= Leigh Goodmark =

American author and activist

Leigh Goodmark is a lawyer, author, and professor at the University of Maryland Francis King Carey School of Law whose research focuses on intimate partner and domestic violence. She is a feminist and a prison abolitionist.

== Activism and work ==
Goodmark has advocated for legislative changes that affect the sentencing outcomes for criminalized survivors and for policy changes that affect how domestic violence cases are handled. She has spoken at an Oklahoma interim study alongside others like Colleen McCarty to advocate for sentencing reform for their incarcerated survivors. Goodmark argues that current systems fail to decrease or prevent violence and instead often punishes the victims. She has published work highlighting that legislative change is often not enough for criminalized survivors, who at best get reduced sentencing but does not correct the systemic problems. Goodmark believes that intimate partner violence can't be addressed through a carceral system. She believes that "abolition feminism" is what can challenge and upend "the notion that carceral structures, such as policing and prison, can still be used to address gender violence".

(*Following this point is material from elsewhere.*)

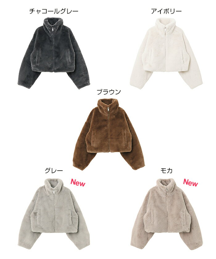 ショート丈 ファー ブルゾン レディース ボアコート ファーベスト ファーコート ブルゾン ジャンパー アウター 羽織り 体型カバー ゆったり ボリューム袖 スタンドカラー ジップ フェイクファー 起毛 セレモニー 秋服 冬服 あったか 暖か 防寒 M L 秋冬 春 秋 冬

She has offered free workshop trainings for other domestic violence advocates.

== Notable published works ==
Her work has been featured in outlets like Truthout and Inquest.

=== Books ===

- A Troubled Marriage: Domestic Violence and the Legal System, 2013.
- Comparative Perspectives on Gender Violence: Lessons From Efforts Worldwide, 2015.
- Decriminalizing Domestic Violence: A Balanced Policy Approach to Intimate Partner Violence, 2018.
- Imperfect Victims: Criminalized Survivors and the Promise of Abolition Feminism (Gender and Justice), 2023.

=== Articles ===

- "Law Is the Answer? Do We Know That for Sure?: Questioning the Efficacy of Legal Interventions for Battered Women", 2004.
- "Hands Up at Home: Militarized Masculinity and Police Officers Who Commit Intimate Partner Abuse", 2015

== Personal life ==
She has a JD from Stanford Law School and also attended Yale. She used to be the Director of the Clinical Education and Family Law Clinic and Co-Director of the Center on Applied Feminism at the University of Baltimore School of Law but is currently "a member of the Editorial Board of Violence Against Women and a member of the advisory board for the Appalachian Justice Research Center."

She began her career by "representing battered women, convinced that she could protect them through policing, protective orders, prosecution, and prison. Now she argues that the legal system does not make abused women safer".